Academically, the affair is still subject to debate on two levels: At the lower level, there is still a debate as to whether the king's assessment of the case or the appraisals of the facts by the courts were correct according to the substantive civil law of the time.

The more important, higher, scholarly debate concerns how the interventions of the king in a specific court case should be viewed. A classic view (held, e.g., by Eberhard Schmidt) is that the intervention of Frederick II in the Arnolds' case was illegitimate and constituted a "judicial catastrophe" ("Justizkatastrophe").
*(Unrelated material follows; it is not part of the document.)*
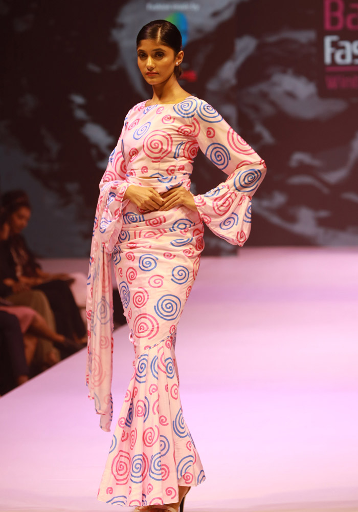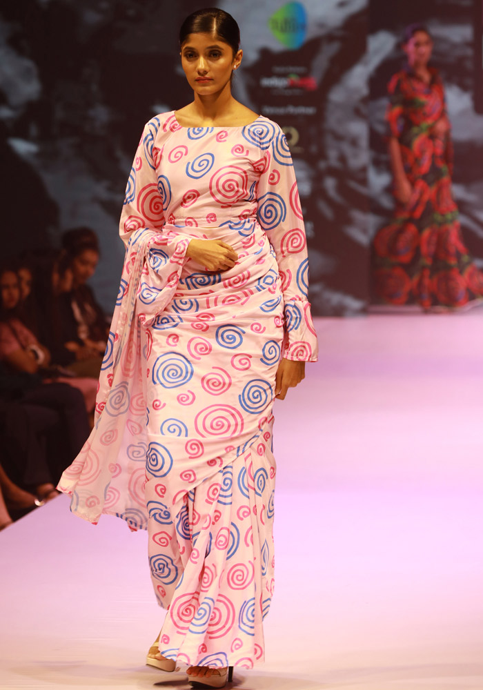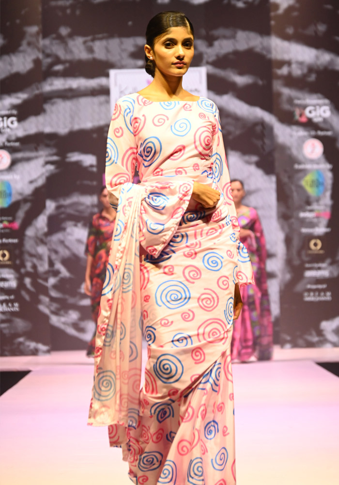 Legance meets nostalgia with our exquisite blue and magenta spirals on a pink saree. This stunning piece of art is not just a garment, but a canvas that weaves together memories and emotions. The intricate spirals dancing across the fabric evoke a sense of timelessness and infinity, reminding us of the sweetest moments cherished in our hearts. Wear a piece of art that tells a story, and make every occasion a celebration of love and beauty.

A differing view is that the Prussian justice system was, at the time, in a phase of transition between unrestrained cabinet justice to the eventual ousting of the monarch from the sphere of justice. Christoph Sowada argues that the case is interesting precisely because judicial independence did not exist in Prussian law at the time, but was beginning to exist as an idea. Therefore, the king's intervention was in accordance with the law and practice of its time but not with its intellectual currents. In his view, the case did not delay the move towards judicial independence in Prussia but advanced it. Thus, it is argued that the affair should not be viewed as a "judicial catastrophe" but as a stepping stone towards modern conceptions of judicial independence.

In 1792, the General State Laws for the Prussian States were codified, beginning the official legal reconsideration of the king's role relating to the Prussian judiciary. Judicial independence would be formalized on 31 January 1850 via Section 86 of the 1850 Prussian Constitution.

=== Legend ===
The case is to this day sometimes mistakenly associated with the Historic Mill of Sanssouci, which, however, is not a water mill, but a wind mill.